The shrine even had Mazu take on the married name "Guan" in its promotional materials, and placed red pom-poms on the chests of the deities inside the palanquin that carried them during the pilgrimage.

Luerhmen Tienho Temple staff initially blocked the pilgrimage, only acquiescing once Mazu and Guan agreed to shed their cherry garnitures.

In an interview with local media TVBS, temple chair Lin Yu-shan (林玉山) questioned whether the other party was trying to leverage the prestige of the Mazu temple, which was built in 1946.

While the marriage proposal was considered a private matter within the shrine, it should not have been given without a notice, Lin said, stressing that "even Mazu would be shocked."

Angry comments also spread widely online, with some expressing support for legal action, fearing that without it, "acts like vandalism or murder might be justified as the will of the heavens."

"Unblessed marriages are never happy," another commenter said.

Despite the furor, the Wuxuan Shrine initially held firm that the couple's betrothal was a blessed one.

"Any instructions from the deities do not require interference from online critics or consent from the public," it said on its Facebook page on June 9.

The shrine also urged the public to "maintain their own spiritual cultivation and avoid creating negative karma with their words."

However, the shrine closed the page and, on Wednesday apologized for "bringing unnecessary trouble to the Luerhmen Tienho Temple and causing social disturbances."

The shrine clarified in a statement that there was no "marriage" planned, and the wording of the "internal campaign" was leaked due to inadequate control, leading to misunderstandings and suspicions from the public.

"If there are further malicious attacks or verbal abuse against our legitimate religious beliefs, we will gather evidence and take appropriate legal action to uphold our freedom of religious belief," it said.

Originating from southeastern China's Fujian province, Mazu was a Fujianese shamaness believed to have special powers in protecting fishermen and seafarers.

Over the centuries, the worshipping of Mazu spread through China's coastal regions and in overseas Chinese communities in Southeast Asia.
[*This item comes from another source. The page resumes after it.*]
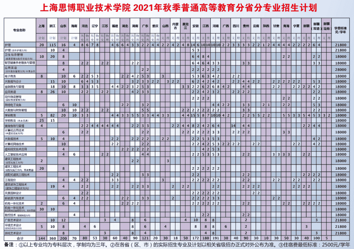 2021年上海思博职业技术学院招生计划已经公布,以下是上海市及全国各专业招生人数,这是填报志愿时非常重要的参考数据,供大家参考,如有变动,以学校官方公布为准:
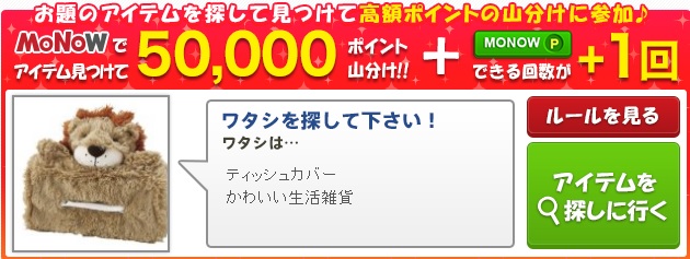 50,000ポイント山分け、画像商品を見つけてクリックで山分けに参加しよう。

Belief in Mazu was brought to Taiwan by early Chinese settlers and is still widely held.

In later years, she came to be regarded as a benevolent protector of all, not just fishermen and seafarers.

The Holy Ruler Deity Guan, meanwhile, was a deified general from the Three Kingdoms period.

He is remembered as one of the greatest military figures of Classical China, revered for his loyalty, righteousness and integrity.